Depression in Aging African American Men (Completed)

Principal Investigator:
Daphne C. Watkins, PhD (University of Michigan School of Social Work)

Funded by:
Michigan Center for Urban African American Aging Research (MCUAAAR)

Project Goals and Approach:
Age differences in health are often explained using the “healthy survivor effect” which suggests that current cohorts of older African American men who do not have serious mental health problems are a unique subgroup of African American men who are mentally healthier and more likely to live longer. However, it is not clear whether it is just longevity or specific strategies that older African American men use to maintain lower levels of depression compared to their younger counterparts.

This study uses the triangulation multilevel model design (Creswell & Plano Clark, 2007) to understand the etiology and symptomatology of depression among aging African American men. The Depression care in African American Church Elders study (DAACE)  and the National Survey of American Life (NSAL) will be used to build and test conceptual frameworks that examine the demographic correlates of depressive symptoms, serious psychological distress, and major depressive disorder (12-month and lifetime prevalence) among African American men over the age of 55.

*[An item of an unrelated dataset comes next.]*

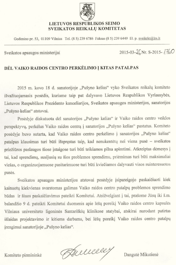 Tačiau kovo 26 d. Seimo Sveikatos reikalų komiteto raštas Sveikatos ministerijai kelia nuostabą. Iš siūlytų trijų variantų staiga liko tik du. Netikėtai ėmė ir išnyko adresas Vytauto g. 15, Žvėryne:

This research aims to advance knowledge about the mental health outcomes of older African American men as influenced by the social and cultural experiences that may exacerbate poor mental health. This approach allows for an exploration of focus group data to establish a localized perspective of depression as well as multivariate quantitative relationships using survey data. Findings will demonstrate the value of research that brings together the unique conceptual and methodological perspectives of qualitative and quantitative research to address a single phenomenon. Findings will also lead to the development of a NIH proposal that will apply the triangulation multilevel model design on a larger scale to understand the social and cultural context of depression among aging African American men. Such efforts will result in the development of programs aims at improving healthy aging for African American men.